- Prompt: What you return must be the lines of the data that hold the word "during".

Stored dataset items
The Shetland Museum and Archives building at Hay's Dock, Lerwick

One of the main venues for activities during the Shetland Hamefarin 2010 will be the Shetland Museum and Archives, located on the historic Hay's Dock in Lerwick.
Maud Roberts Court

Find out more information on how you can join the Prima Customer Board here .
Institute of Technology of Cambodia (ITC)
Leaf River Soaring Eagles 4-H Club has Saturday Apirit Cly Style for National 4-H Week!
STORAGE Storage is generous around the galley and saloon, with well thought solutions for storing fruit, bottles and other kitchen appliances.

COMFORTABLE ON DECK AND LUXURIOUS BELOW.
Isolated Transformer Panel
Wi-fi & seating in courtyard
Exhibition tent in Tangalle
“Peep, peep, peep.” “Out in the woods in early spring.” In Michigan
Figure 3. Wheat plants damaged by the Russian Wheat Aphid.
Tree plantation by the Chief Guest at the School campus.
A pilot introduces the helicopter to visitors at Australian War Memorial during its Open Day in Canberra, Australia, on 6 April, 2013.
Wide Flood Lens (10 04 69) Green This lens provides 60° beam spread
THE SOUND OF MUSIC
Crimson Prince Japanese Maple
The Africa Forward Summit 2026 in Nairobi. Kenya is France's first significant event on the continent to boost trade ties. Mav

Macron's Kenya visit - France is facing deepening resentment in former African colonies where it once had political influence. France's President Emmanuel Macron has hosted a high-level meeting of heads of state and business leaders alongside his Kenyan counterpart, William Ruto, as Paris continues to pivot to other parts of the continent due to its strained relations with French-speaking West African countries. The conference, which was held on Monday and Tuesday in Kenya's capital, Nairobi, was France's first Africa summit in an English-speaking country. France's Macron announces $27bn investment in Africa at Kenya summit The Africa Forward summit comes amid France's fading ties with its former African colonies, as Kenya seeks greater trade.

- Answer section:
One of the main venues for activities during the Shetland Hamefarin 2010 will be the Shetland Museum and Archives, located on the historic Hay's Dock in Lerwick.
A pilot introduces the helicopter to visitors at Australian War Memorial during its Open Day in Canberra, Australia, on 6 April, 2013.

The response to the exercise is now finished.